* _Work order_
Give the lines below again exactly, starting with the line that holds "One commenter wrote: ‘Team" and going on through the line that holds "Однак найбільша частка".

* _Provided records_
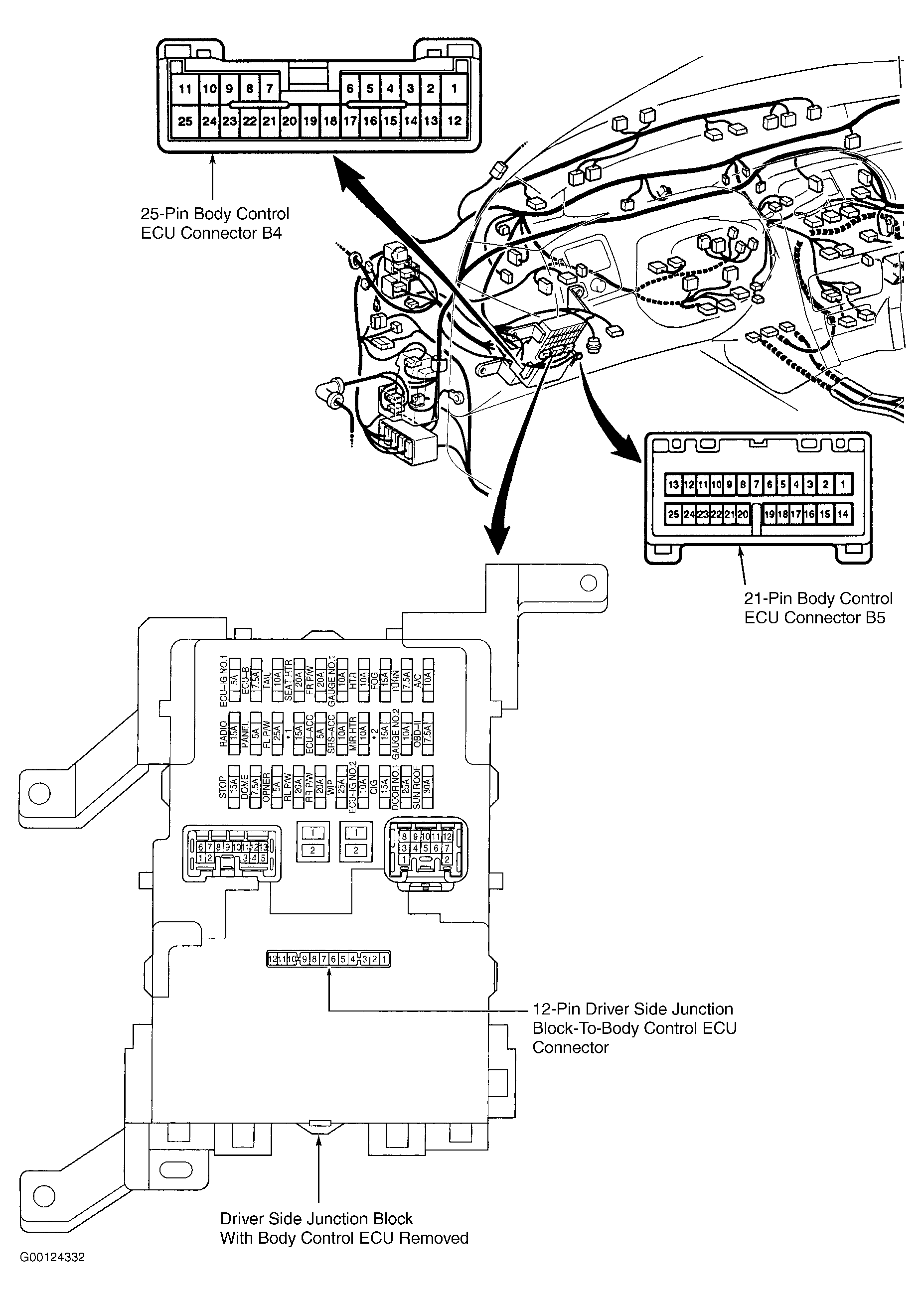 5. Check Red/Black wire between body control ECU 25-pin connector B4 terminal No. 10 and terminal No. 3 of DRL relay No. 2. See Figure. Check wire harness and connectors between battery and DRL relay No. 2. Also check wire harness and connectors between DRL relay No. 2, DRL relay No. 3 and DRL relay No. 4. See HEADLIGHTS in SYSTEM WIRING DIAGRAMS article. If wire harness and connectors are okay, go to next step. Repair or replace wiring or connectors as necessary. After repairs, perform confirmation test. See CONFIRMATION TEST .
--
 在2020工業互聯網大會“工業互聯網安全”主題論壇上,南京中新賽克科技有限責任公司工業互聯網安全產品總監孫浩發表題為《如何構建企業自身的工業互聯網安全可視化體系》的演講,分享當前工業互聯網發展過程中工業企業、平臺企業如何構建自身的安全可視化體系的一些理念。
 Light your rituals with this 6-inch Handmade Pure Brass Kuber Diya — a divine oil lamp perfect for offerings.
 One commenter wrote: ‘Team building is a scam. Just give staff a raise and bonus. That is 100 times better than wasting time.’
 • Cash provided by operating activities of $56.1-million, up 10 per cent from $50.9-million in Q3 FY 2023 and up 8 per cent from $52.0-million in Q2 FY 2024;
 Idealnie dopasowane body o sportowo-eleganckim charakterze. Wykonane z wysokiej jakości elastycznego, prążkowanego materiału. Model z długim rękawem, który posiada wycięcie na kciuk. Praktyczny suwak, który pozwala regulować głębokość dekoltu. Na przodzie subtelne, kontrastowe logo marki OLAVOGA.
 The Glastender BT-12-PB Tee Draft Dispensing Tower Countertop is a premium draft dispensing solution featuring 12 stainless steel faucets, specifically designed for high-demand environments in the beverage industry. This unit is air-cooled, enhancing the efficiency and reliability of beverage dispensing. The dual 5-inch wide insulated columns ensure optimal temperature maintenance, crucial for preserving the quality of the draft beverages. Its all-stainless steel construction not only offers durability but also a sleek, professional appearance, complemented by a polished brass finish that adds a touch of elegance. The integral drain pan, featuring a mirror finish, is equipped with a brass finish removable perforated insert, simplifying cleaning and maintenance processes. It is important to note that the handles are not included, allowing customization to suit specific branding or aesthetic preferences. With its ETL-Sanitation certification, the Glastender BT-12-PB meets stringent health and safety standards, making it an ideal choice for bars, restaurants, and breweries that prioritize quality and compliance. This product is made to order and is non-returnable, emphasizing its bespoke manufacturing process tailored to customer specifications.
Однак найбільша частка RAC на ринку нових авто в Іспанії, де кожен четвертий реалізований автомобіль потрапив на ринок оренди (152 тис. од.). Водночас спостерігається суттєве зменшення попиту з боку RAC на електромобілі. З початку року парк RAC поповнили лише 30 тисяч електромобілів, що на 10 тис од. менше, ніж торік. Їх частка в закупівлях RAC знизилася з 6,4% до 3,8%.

* _Solution to this problem_
 One commenter wrote: ‘Team building is a scam. Just give staff a raise and bonus. That is 100 times better than wasting time.’
 • Cash provided by operating activities of $56.1-million, up 10 per cent from $50.9-million in Q3 FY 2023 and up 8 per cent from $52.0-million in Q2 FY 2024;
 Idealnie dopasowane body o sportowo-eleganckim charakterze. Wykonane z wysokiej jakości elastycznego, prążkowanego materiału. Model z długim rękawem, który posiada wycięcie na kciuk. Praktyczny suwak, który pozwala regulować głębokość dekoltu. Na przodzie subtelne, kontrastowe logo marki OLAVOGA.
 The Glastender BT-12-PB Tee Draft Dispensing Tower Countertop is a premium draft dispensing solution featuring 12 stainless steel faucets, specifically designed for high-demand environments in the beverage industry. This unit is air-cooled, enhancing the efficiency and reliability of beverage dispensing. The dual 5-inch wide insulated columns ensure optimal temperature maintenance, crucial for preserving the quality of the draft beverages. Its all-stainless steel construction not only offers durability but also a sleek, professional appearance, complemented by a polished brass finish that adds a touch of elegance. The integral drain pan, featuring a mirror finish, is equipped with a brass finish removable perforated insert, simplifying cleaning and maintenance processes. It is important to note that the handles are not included, allowing customization to suit specific branding or aesthetic preferences. With its ETL-Sanitation certification, the Glastender BT-12-PB meets stringent health and safety standards, making it an ideal choice for bars, restaurants, and breweries that prioritize quality and compliance. This product is made to order and is non-returnable, emphasizing its bespoke manufacturing process tailored to customer specifications.
Однак найбільша частка RAC на ринку нових авто в Іспанії, де кожен четвертий реалізований автомобіль потрапив на ринок оренди (152 тис. од.). Водночас спостерігається суттєве зменшення попиту з боку RAC на електромобілі. З початку року парк RAC поповнили лише 30 тисяч електромобілів, що на 10 тис од. менше, ніж торік. Їх частка в закупівлях RAC знизилася з 6,4% до 3,8%.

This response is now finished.